Ils s'étaient rencontrés en 1986 au Maroc. Son mari, étudiant, résidait alors à Paris et elle à Genève. Après avoir entretenu une relation à distance, M. B______ avait emménagé chez elle en 1987. Ils s'étaient mariés en 1991 et n'avaient pas eu d'enfants. Ils s'entendaient très bien jusqu'à ce qu'elle apprenne qu'il lui avait été infidèle deux ans avant leur mariage. Ils s'étaient alors séparés, mais son mari avait tout fait pour la récupérer et ils s'étaient remis ensemble. En 1995, elle avait appris que son mari l'avait à nouveau trompée. Malgré cela, elle ne l'avait pas quitté. Suite à tous ces événements, elle avait fait une dépression et s'était coupée du monde extérieur. Depuis six ou sept ans, son mari avait doublé sa consommation d'alcool et la personne joyeuse et drôle qu'il était s'était transformée en quelqu'un d'agressif. Dès qu'il atteignait un certain taux d'alcoolémie, il changeait complètement de comportement. Cela faisait maintenant une année qu'ils faisaient chambre à part car son mari passait ses nuits sur Internet, bougeait beaucoup et cela l'empêchait de dormir.

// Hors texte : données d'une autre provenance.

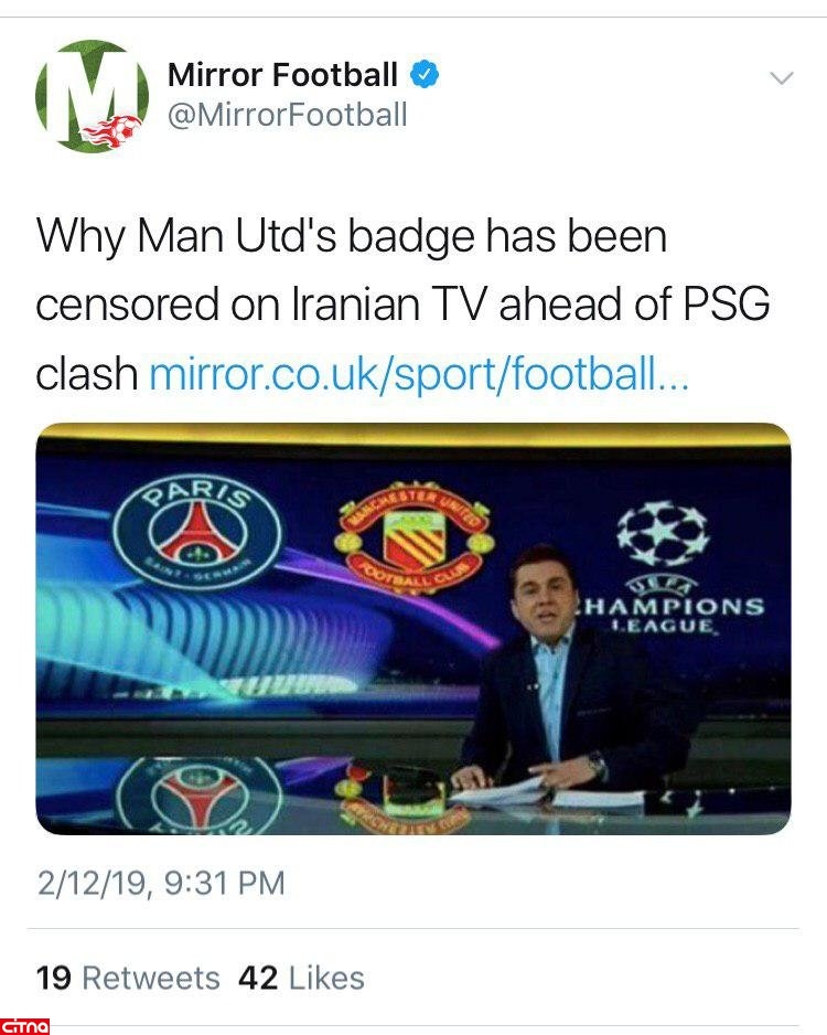در حالیکه برخی اعتقاد دارند این اقدام سانسور از طرف صدا و سیما بوده، صفحه رسمی توئیتر نشریه میرور انگلیس هم نسبت به همچین اتفاقی واکنش نشان داده و نوشته: چرا لوگوی منچستر در تلویزیون ایران سانسور شد؟
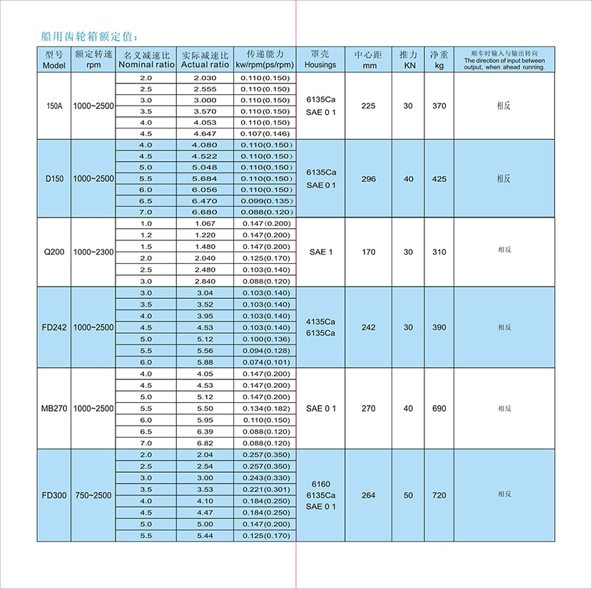 前進(jìn)名義減速比: 2.5 輸入轉(zhuǎn)速: 1000-2500rpm
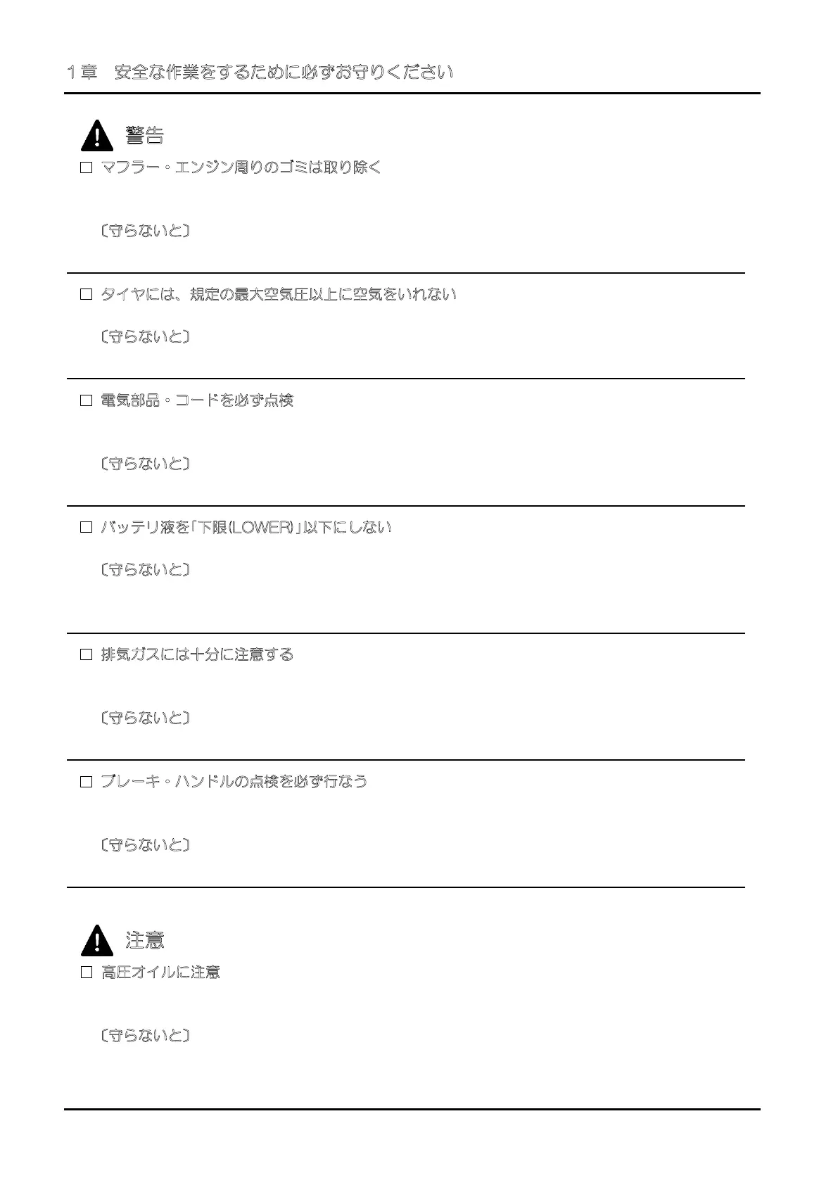 1章 安全な作業をするために必ずお守りください
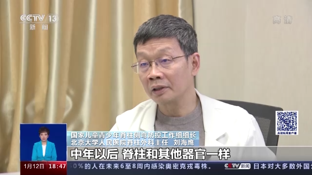 國家兒童青少年脊柱側(cè)彎防控工作組組長、北京大學(xué)人民醫(yī)院脊柱外科主任 劉海鷹:中年以后的話,脊柱和其他器官也一樣,都在發(fā)生老化,有的就是產(chǎn)生的一種成人性的退變性的脊柱側(cè)彎,脊柱的變形、增生,會(huì)造成椎管的狹窄,進(jìn)而產(chǎn)生腰疼和下肢的這些癥狀。
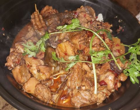 - 招牌菜,活鸡现杀现做现吃,肯定要品尝吧。味道真的不错,肉很嫰滑,不错。各种部件都全了,的确是一整只鸡
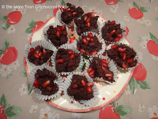 Her blog is beautifully laid out and easy to navigate. I went straight to the recipe index and unsurprisingly chose 'Desserts and cookies'. Recipes on my shortlist were Gluten/Dairy/Egg/Soy Free Vegan Quinoa Banana Chocolate Chip Cookies, Oatmeal peanut chocolate chip cookie, Vegan Mango Panna Cotta with Kiwi, Mango and Strawberries and Gluten Free Double Chocolate Fudge Brownie. In the end, I chose her Easy Dark Chocolate Walnut Pomegranate Clusters which she made for a Valentine's treat. I was intrigued as I've never used fresh pomegranate before (I made these at the same time as the pistachio and pomegranate pitstops but had to wait till reveal day to post this recipe) The only change I made was to substitute pecan nuts for walnuts as that was what I had in my cupboard. They were really easy to make and tasted delicious! Everyone enjoyed these treats especially those with gluten intolerance.

Selon elle, l'augmentation de sa consommation d'alcool provenait de la baisse de l'activité de son entreprise. Il avait en effet fait une dépression et commencé à boire beaucoup. En augmentant sa consommation d'alcool, il devenait de plus en plus agressif. Il s'énervait pour des raisons qui ne la concernaient pas et il déchargeait toute sa haine sur elle. Il lui criait dessus, devenait très violent verbalement et la rabaissait en permanence. Il lui disait souvent qu'elle était nulle et qu'elle était bête. Il lui reprochait de ne pas lui donner de l'argent quand il lui demandait et la culpabilisait pour tous les problèmes qu'il avait. Parfois, afin qu'il se calme, elle prenait le chien et sortait pendant quelques heures. Un soir, environ cinq ans plus tôt, il était rentré complètement saoul à la maison très énervé suite à une dispute dans la rue. Comme elle savait qu'il allait décharger ses nerfs sur elle, elle était allée dormir à l'hôtel.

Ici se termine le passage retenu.